Arsenate reductases in prokaryotes and eukaryotes

Rita Mukhopadhyay; Barry P Rosen

doi:10.1289/ehp.02110s5745

. 2002 Oct;110(Suppl 5):745–748. doi: 10.1289/ehp.02110s5745

Arsenate reductases in prokaryotes and eukaryotes.

Rita Mukhopadhyay ¹, Barry P Rosen ¹

PMCID: PMC1241237 PMID: 12426124

Abstract

The ubiquity of arsenic in the environment has led to the evolution of enzymes for arsenic detoxification. An initial step in arsenic metabolism is the enzymatic reduction of arsenate [As(V)] to arsenite [As(III)]. At least three families of arsenate reductase enzymes have arisen, apparently by convergent evolution. The properties of two of these are described here. The first is the prokaryotic ArsC arsenate reductase of Escherichia coli. The second, Acr2p of Saccharomyces cerevisiae, is the only identified eukaryotic arsenate reductase. Although unrelated to each other, both enzymes receive their reducing equivalents from glutaredoxin and reduced glutathione.
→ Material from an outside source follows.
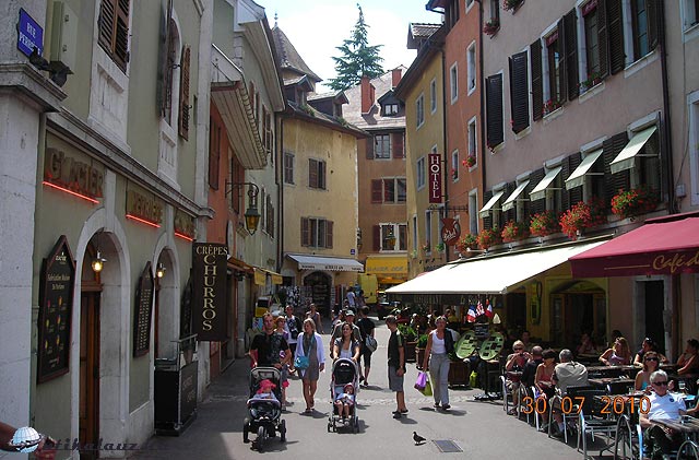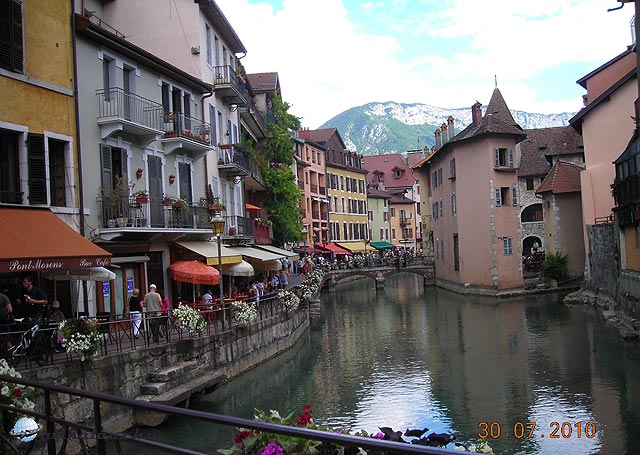 Pénteken, az utolsó napon Franciaországba, Annecybe mentünk. A város az Annecy folyó partján terül el, és francia Velencének is nevezik. Nekem sokkal jobban tetszett, mint az igazi Velence, gyönyörű, hangulatos, vidám, órákat lehet benne bolyongani, szinte magával ragadja az embert. Rengeteg ember volt itt is, de meglepően nem volt zavaró, még inkább hangulatossá tette a várost a kavalkád. Ha előre tudtam volna, hogy Annecy ennyire varázslatos, akkor Genf helyett inkább ide jöttünk volna, mert egy nap kevés volt erre a csodára.

The structure of the bacterial ArsC has been solved at 1.65 A. As predicted from its biochemical properties, ArsC structures with covalent enzyme-arsenic intermediates that include either As(V) or As(III) were observed. The yeast Acr2p has an active site motif HC(X)(5)R that is conserved in protein phosphotyrosine phosphatases and rhodanases, suggesting that these three groups of enzymes may have evolved from an ancestral oxyanion-binding protein.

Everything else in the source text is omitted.